Aria narrowed her eyes. “You’d be surprised.”
“I doubt it.”
“Casimir,” Valtteri said sharply. “Could you hold off for one day on insulting everyone in your wake?”
“You asked for my help,” Casimir said. “This is what I do. Take it or leave it.”
“We’ll leave it, then,” Alistair said. “You have no right to speak to my sister like that.”
“You have no right to use her as you do,” he replied. “Why do you get to decide what she can handle?”
Alistair set his glass down with a thump. “I don’t use her.”
“Then why are you drinking right now, if it isn’t because you know she’ll take care of you, regardless of your behavior?”
“That’s not using her,” Alistair said.
“I doubt she finds the thought of nursing you back to health comforting or rewarding, and yet, despite many requests for you not to drink, you continue.”
“You know nothing about it,” Alistair snapped.
“I know she watched you take that first glass of wine like you were about to put a knife to her throat.”
Before Alistair could open his mouth, Aria laid her hand against his leg. He glanced at her, confused.

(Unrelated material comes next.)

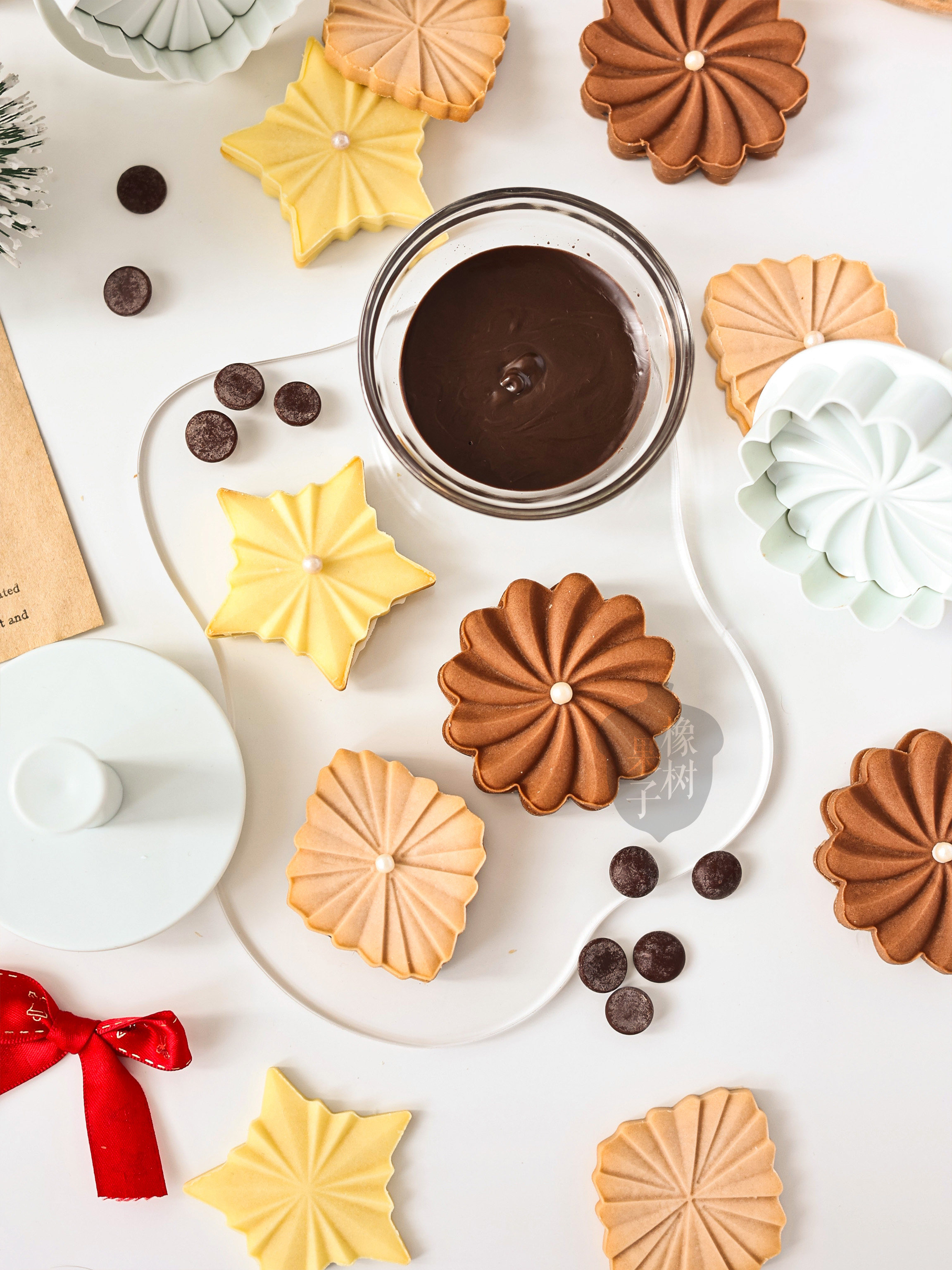 橡树果子北欧风圣诞挂坠饼干模五角星3D立体波纹圣诞节配件曲奇模

“Don’t,” she said quietly. “He’s right.”
“I’ve asked and I’ve asked,” she whispered. “You say it’ll change, and it never does. Your drinking is what got us into this mess in the first place.”
“Let us fix it,” she said. “Like I have so many times before. I can’t let this ruin me.”

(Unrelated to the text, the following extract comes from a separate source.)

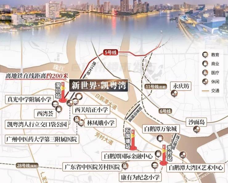 全龄教育体系:项目配建华师大幼教基地凯粤湾实验幼儿园,引入省一级西关培正小学凯粤湾校区,对口广州四中新世界校区(公立完全中学),覆盖2-16岁全龄段教育。
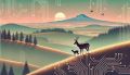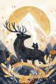 Mystical Deer and Cat in a Golden Mountainous Landscape

Alistair searched her face vulnerably. Part of her bristled at what Casimir said about her refusing to deal with negativity, but in truth, he was right. Her parents kept her sheltered so extensively, the only dark things she’d ever seen came at Alistair’s hand. The fault in perception exposed by the rumor Ian spread, and even the implication that her face gave her away—she needed to verse herself in all sides of her character, even the failing parts of her, if she wanted to become stronger than her mother. Casimir knew it just by looking at her, and she nursed a feeling of trust in him as a result. He might protect her, but he would push her, too—and that meant she needed him more than Alistair right now.
“Aria, I’m sorry, I—” Alistair began.
“Please,” Aria interrupted, her throat tightening. “Can you go back to the castle and let me fix this? I’ll come see you tonight.”
He looked at Valtteri and Casimir, who both watched Aria with contemplative expressions. When he turned back to her, pain clouding his face, she swallowed away the urge to comfort him.
“I can protect you,” Alistair said.
“I know you could,” Aria said. “But most of the time, you forget how. Mother is going to make me marry Ian, and maybe this way, we’ll have the time to embarrass him enough that she sees him as a bad match. It’s my only hope, Alistair, to get rid of the rumor and have some control over who I marry.”
“I can help,” he protested. “You would trust these men—these strangers to protect you, over me?”
She grasped his hand. “No one has to protect me, Alistair. I can take care of myself. I just want a little help, is all.”
He swallowed. “Aria—”
“She doesn’t need you nearly as much as you need her,” Casimir said.
Aria threw him an icy stare, and he seemed to find it amusing more than intimidating.
“Alistair,” Aria said gently, bringing her eyes back to her brother. “Please go back to the castle. Okay? And I’ll come see you later.”
“You don’t need me,” Alistair repeated. Anger lingered behind the declaration, drowning out the sadness of a few moments earlier.
“No,” Aria said. “I don’t need you. Not for this.”